Season 1 | Episode 4

Industry’s Fastest Guardrails Now Native to NVIDIA NeMo

‍

In this episode, we discuss the new integration between Fiddler Guardrails with NVIDIA Nemo Guardrails, pairing the industry's fastest guardrails with your secure environment. We explore the setup process, practical implications, and the role of the Fiddler Trust Service in providing guardrails, monitoring and custom metrics. Plus, we highlight the free trial opportunity to experience Fiddler Guardrails firsthand.

Read the article to learn more, or sign up for the Fiddler Guardrails free trial to test the integration for yourself.

About the guest

Transcript

[00:00:00] Welcome back to Safe and Sound AI.

[00:00:04] You know, last time we really dug into the launch of Fiddler Guardrails and honestly, I was blown away by those sub 100 millisecond response times but today we're going even deeper.

[00:00:14] We've got some fascinating sources on how Fiddler Guardrails is now natively integrated with NVIDIA NeMo Guardrails.

[00:00:21] Right. It's like they took an already impressive tool and just plugged it right into one of the leading frameworks for building with LLMs.

[00:00:28] Exactly. And that's got big implications for anyone actually building and deploying these models.

[00:00:34] So our mission today is to really break down what this integration means, particularly for those of you working with NeMo.

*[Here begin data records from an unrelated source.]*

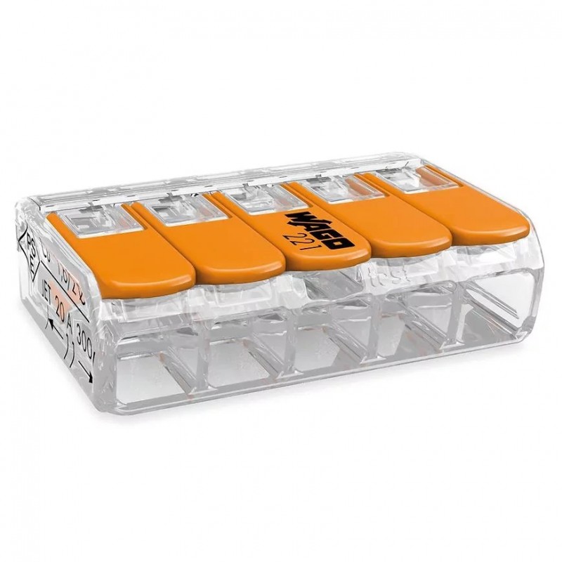 WAGO svorka pětinásobná pro pevné i lanové vodiče do průměru 4 mm, 450 V, 32 A, 4 kV, max. provozní teplota 105°C. Balení 20 ks.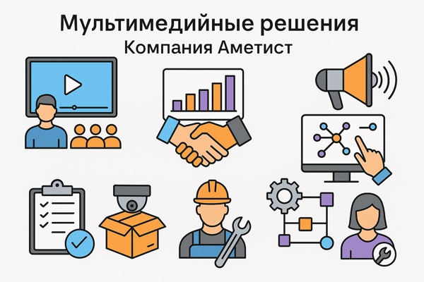 Компания «Аметист» реализует проекты в области мультимедийных решений для организаций любой направленности — от коммерческих предприятий и образовательных учреждений до музеев, концертных залов и спортивных арен. Каждый проект разрабатывается с учётом задач заказчика и особенностей объекта, что позволяет достигать высокой эффективности, надёжности и функциональности систем.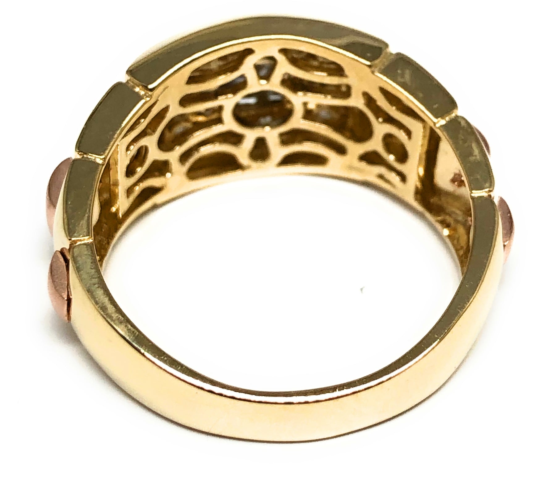 - Tri-color ring with rose and white gold and cubic zirconias.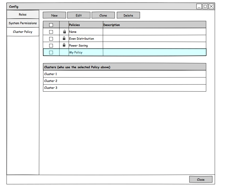 - Policies will be configured on a system level in configure dialog, much like Roles.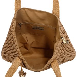 Breeze through summer with this chic straw beach tote, designed for both style and function. Featuring comfy shoulder straps, a secure zippered top, and a spacious interior, it keeps your essentials organized with a zippered pocket and two open pockets. Whether you’re seaside or city-bound, this tote is your perfect sunny-day companion. Measures approximately 17 in x 16 in x 5 in.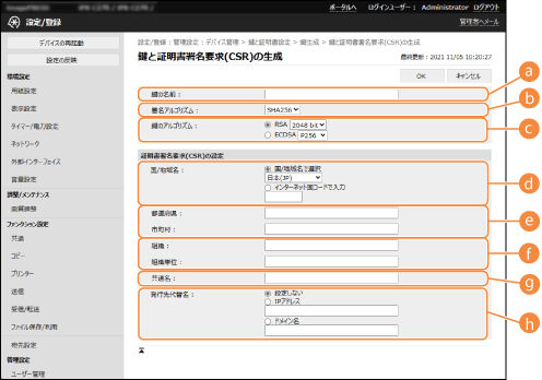 鍵とCSRを本機で生成します。CSRのデータは画面に表示されるほか、ファイルに出力することもできます。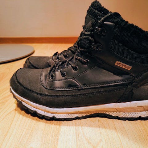 Kevätkauden käytössä olleet talvikengät. Hyväkuntoiset, kosteutta hylkivät, mutta eivät ihan vesikeliä kestä.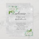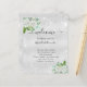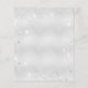 Un fondo falso de color plateado metálico, decorado con flores blancas de color blanco, vegetación eucaliptos y polvo falso de purpurina plateado. Personalice y agregue sus nombres y la cronología del día de la boda.
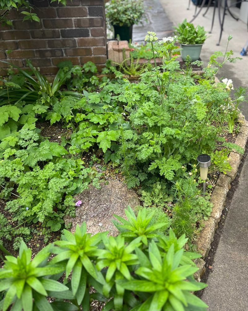 ④小さな花壇は、トワさんからのスカシユリを地植えにしました。オルレア、カモミール、ニゲラの共演!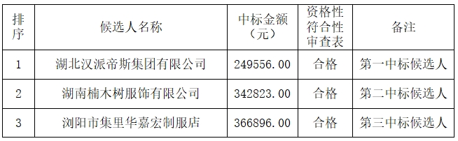 受 湖南株樹橋城市運營服務(wù)有限責(zé)任公司 的委托,本代理機構(gòu)對 2025年工裝服采購(第二次) 進行公開招標(biāo)采購,現(xiàn)將采購結(jié)果公告如下: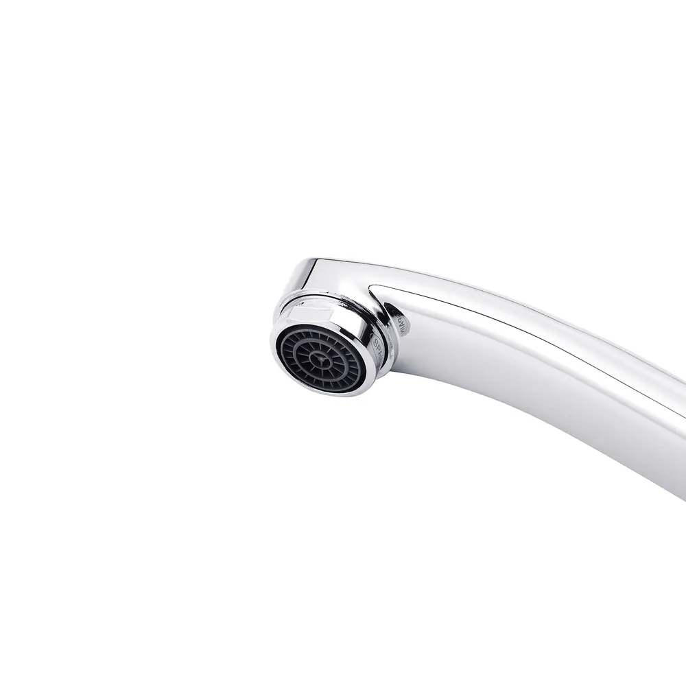 Змішувач для кухні Ibergrif Roma M14450 відрізняється нестандартним дизайном, завдяки хромованому покриттю підійде практично до будь-якого інтер'єру. Корпус кухонного змішувача виконаний з латуні, який не піддається корозії, не виділяє шкідливих речовин для людини і добре витримує різкі температурні перепади. Як запірний клапан використовується керамічний картридж 40 мм. Перевага цього пристрою в тому, що можливо швидко відкрити/закрити подачу та налаштувати оптимальну температуру води за допомогою однієї руки. За змішування води відповідає керамічний картридж 40 мм. Управління здійснюється класичною поворотною рукояткою.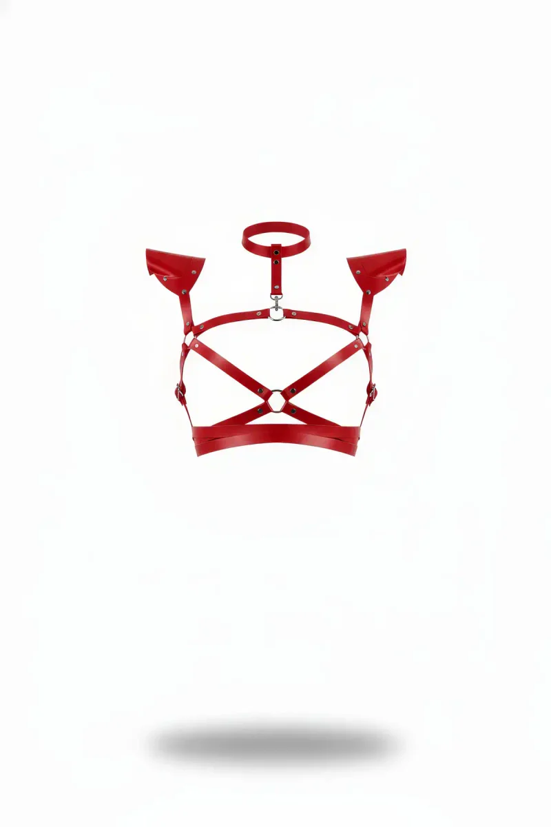 Kırmızı Kadın Kemer Deri Omuz Detaylı Vücut Bağlaması - APFT996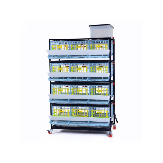 Klatka dla przepiórek, przeznaczona do hodowli od 72 do 120 osobników, z opatentowaną technologią Comfortplast , o wymiarach 98 x 62 x 164 cm . Klatka jest 4-poziomowa i składa się z 12 przegródek . Każda z nich wyposażona jest w tackę do znoszenia jaj przepiórczych, karmnik z kratką zapobiegającą marnowaniu paszy oraz poidło z 20-litrowym zbiornikiem na wodę . Klatki wykonane są z tworzywa sztucznego o wysokiej odporności na odchody przepiórek i bakterie, co zapewnia łatwą konserwację klatki i odchodów. Możliwość rozbudowy o kolejne piętro (maks. 5 poziomów), łatwa obsługa dzięki kółkom z hamulcami.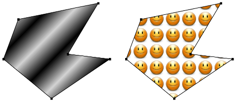 It will be helpful to look at some examples. The following illustration shows a polygon filled with two different paints. The polygon on the left uses a LinearGradient while the one on the right uses an ImagePattern. Note that in this picture, the paint is used only for filling the polygon. The outline of the polygon is drawn in a plain black color. However, Paint objects can be used for stroking shapes as well as for filling them. These pictures were made by the sample program PaintDemo.java. In that program, you can select among several different paints, and you can control certain properties of the paints.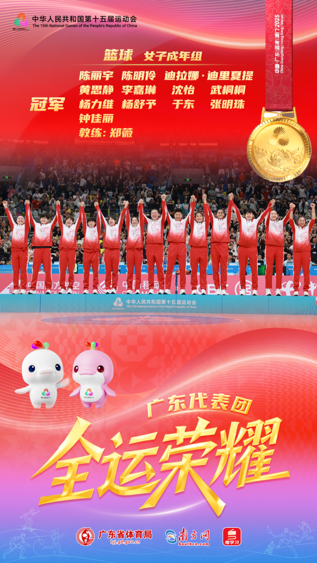 11月12日晚,在十五运会男篮五人成年组的决赛中,广东队时隔12年再次将全运会男篮分量最重的那块金牌收入囊中。如今,广东队又将全运会女篮分量最重的金牌摘下。

[00:00:39] You know, we'll be looking at how it helps you build those safer, more reliable LLM applications, especially when it comes to those persistent challenges, hallucination, toxicity, even jailbreak attempts.

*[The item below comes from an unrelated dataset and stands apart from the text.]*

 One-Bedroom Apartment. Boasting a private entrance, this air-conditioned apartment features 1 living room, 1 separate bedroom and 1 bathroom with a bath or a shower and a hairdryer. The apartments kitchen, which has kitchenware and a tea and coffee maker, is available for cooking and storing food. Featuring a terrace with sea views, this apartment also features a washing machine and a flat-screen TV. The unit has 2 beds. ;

[00:00:51] So, all right, let's jump right in.

[00:00:53] NVIDIA NeMo Guardrails. For those who may not be familiar, can you give us a quick rundown of what it is and what it does?

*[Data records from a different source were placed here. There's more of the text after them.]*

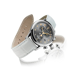 Корпус из полированной нержавеющей стали с бриллиантовой инкрустацией. Антрацитовый сатинированный циферблат с центральными стрелками, накладными арабскими цифрами и малыми стрелками минут и секунд, покрытыми родием. Белый ремешок из натуральной кожи с раскладывающейся застёжкой из полированной нержавеющей стали.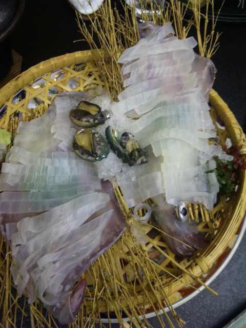 写真は芙蓉別館での“イカの活け造り”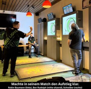Das zweite Nachholspiel in der RDV-Kreisliga 2A hatte die Dritte Mannschaft der TuS-Staffel Green Lions 3 im Heimspiel gegen DC NO Score 1 aus Schöffengrund vom 19. Spieltag. Hier konnten sich die Löwen in einer umkämpften Partie am Ende mit 8:4 (29:20 Legs) verdient durchsetzen und verlassen mit diesem Sieg erstmals in dieser Saison den letzten Tabellenplatz. Für einen historischen Moment bei den Green Lions sorgte der erst 11-jährige Lennox Legel. Er erzielte als jüngster Löwe überhaupt im zweiten Ligaspiel seinen ersten 180er Highscore.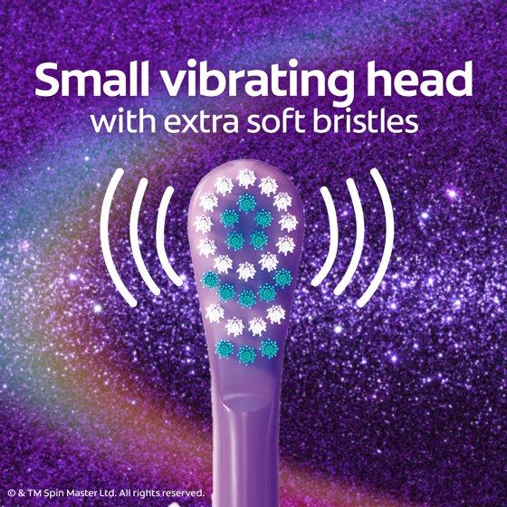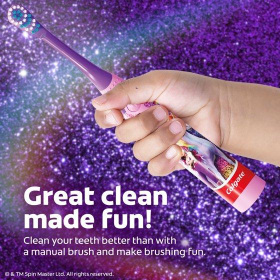 - This Colgate battery powered toothbrush for kids has a small, vibrating brush head with extra soft bristles that clean teeth and sweep away plaque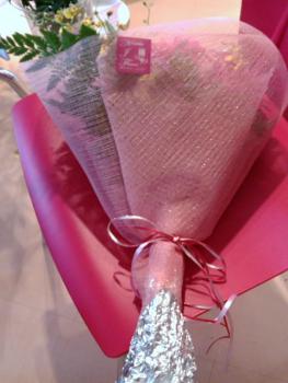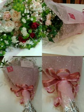花束は花はもちろんだけどラッピングやリボン選びも重要なポイント!!用途に合わせて選んでいます Jフラワーの最近のお気に入りはこのラメネット☆ブーケ風に仕上げて欲しいというお客様が最近増えています♪

[00:00:59] Sure. NeMo Guardrails is, at its core, a scalable platform for managing these AI guardrails. It allows you to implement and manage various guardrails effectively, all in one place. Instead of having different solutions for safety, security, and other constraints, you have a unified framework.

[00:01:16] So it's like a central command center for all your LLM safeguards.

[00:01:19] Precisely.

[00:01:20] So I think what's really cool here is, you know, Fiddler Guardrails isn't just sort of like an add-on or something. It's actually a native part of NVIDIA NeMo Guardrails now.

[00:01:28] And that built in aspect really. I think that's key, isn't it? Because what that means is that incredibly fast response time that Fiddler Guardrails has.

[00:01:37] Which we talked about, you know, the sub 100 millisecond speed that's now operating like directly within NVIDIA's secure environment.

[00:01:44] So it's not going out to some external server or something.

[00:01:47] Nope. Right within their own infrastructure.

[00:01:49] So what does that mean practically?

[00:01:50] No data leaves your deployment. No external calls.

[00:01:54] Okay, so we've talked about all the high level benefits, but let's get practical for a second.

[00:01:59] I know we've got a lot of engineering folks listening who are probably wondering, okay, this all sounds great, but how hard is it to actually set this thing up? And the sources talk about a pretty seamless implementation of Fiddler Guardrails within NeMo guardrails with minimal setup requirements. What does that actually look like in practice?

[00:02:19] The first thing you do is you obtain what's called a Fiddler platform key.

[00:02:22] That's your authentication.

[00:02:23] Then you set that key as an environment variable in your NeMo environment.

[00:02:28] And then finally, you update a file called config dot y ml which is a standard configuration file in NeMo Guardrails with a couple of key pieces of information.

[00:02:38] The Fiddler Guardrails endpoint and the specific thresholds that you want to set for things like moderation.

[00:02:45] Ah. Okay, so like how sensitive you want the system to be.

[00:02:48] Exactly. So how sensitive you want to be to potentially toxic language, for example.

[00:02:53] And what's great is, you know, there's not a lot of complex coding involved here.

[00:02:57] Mostly configuring things. You're pointing it in the right direction.

[00:03:00] And it just slots right in.

[00:03:01] And that significantly reduces the time and effort it takes to get started.

[00:03:05] That's huge, especially if you're trying to get a pilot up and running quickly.

[00:03:08] Exactly.

[00:03:09] Now, one thing I find reassuring is that it sounds like even if there are, you know, temporary API issues, Fiddler Guardrails will continue to moderate inputs and outputs.

[00:03:20] You know, it won't just completely disrupt the service.

[00:03:23] Right, you don't want the whole thing to fall apart if there's a hiccup.

[00:03:26] Exactly. And that you can fine tune those threshold values. You know, you can adjust that moderation sensitivity as needed. It gives you that granular control.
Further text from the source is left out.